How to modify scANVI to handle continuous cell labels?
patricks-lab opened this issue · 1 comments
Is your feature request related to a problem? Please describe.
Not a problem - mainly clarification questions. I am wondering how to modify scANVI to handle continuous prediction tasks.
Currently, scANVI assumes that the cell label is drawn from a categorical distribution (https://docs.scvi-tools.org/en/stable/user_guide/models/scanvi.html#generative-process), which is implemented in the code via a cross entropy loss
scvi-tools/scvi/module/_scanvae.py
Lines 271 to 274 in 95f2e1d
Describe the solution you'd like
For continuous prediction tasks, I thought of changing the above cross entropy loss to something like a MSELoss and swapping the scvi.module.Classifier
with a scvi.nn.Decoder
layer w/ one output neuron per continuous prediction task.

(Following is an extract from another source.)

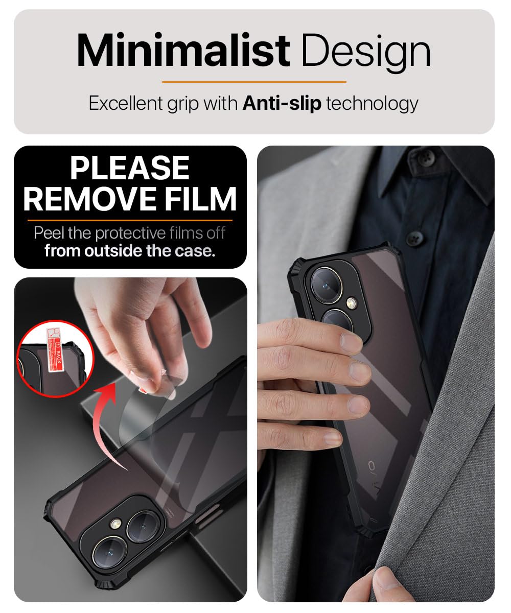 The Shock Proof Clear Protective Back Case for Vivo Y27 4G – AirEDGE Technology | 360 Degree Camera Protection | Transparent Hybrid Back Case Mobile Cover – Black is designed with premium quality materials to provide superior protection, durability, and style for your smartphone. It offers a perfect balance between functionality and aesthetics, ensuring your device stays safe from scratches, impacts, and daily wear. Engineered with precision, it features accurate cutouts for ports, buttons, and cameras, making it highly convenient for everyday use. The slim and lightweight design ensures that your device retains its sleek profile without adding unnecessary bulk. Whether it is a nano film tempered glass, a hybrid back case, or a camera lens protector, each product is created with attention to detail to enhance the user experience and extend the life of your smartphone. The material used ensures long-lasting clarity, anti-scratch performance, and resistance against fingerprints and smudges. It is the ideal choice for users who want both style and substance in their smartphone accessories. This product from reflects innovation and craftsmanship, making it a reliable accessory that safeguards your investment while maintaining modern appeal.

However, I am not sure what other changes (e.g. in the VAE graphical model and/or code) need to be made to accommodate a continuous (e.g. normal) distribution on the cell type label.
(For example, I'd imagine that the derivation for the ELBO for the unobserved cell label case would change with a continuous distribution https://docs.scvi-tools.org/en/stable/user_guide/models/scanvi.html#training-details) but I'm not quite sure how to flesh out the details in such a case.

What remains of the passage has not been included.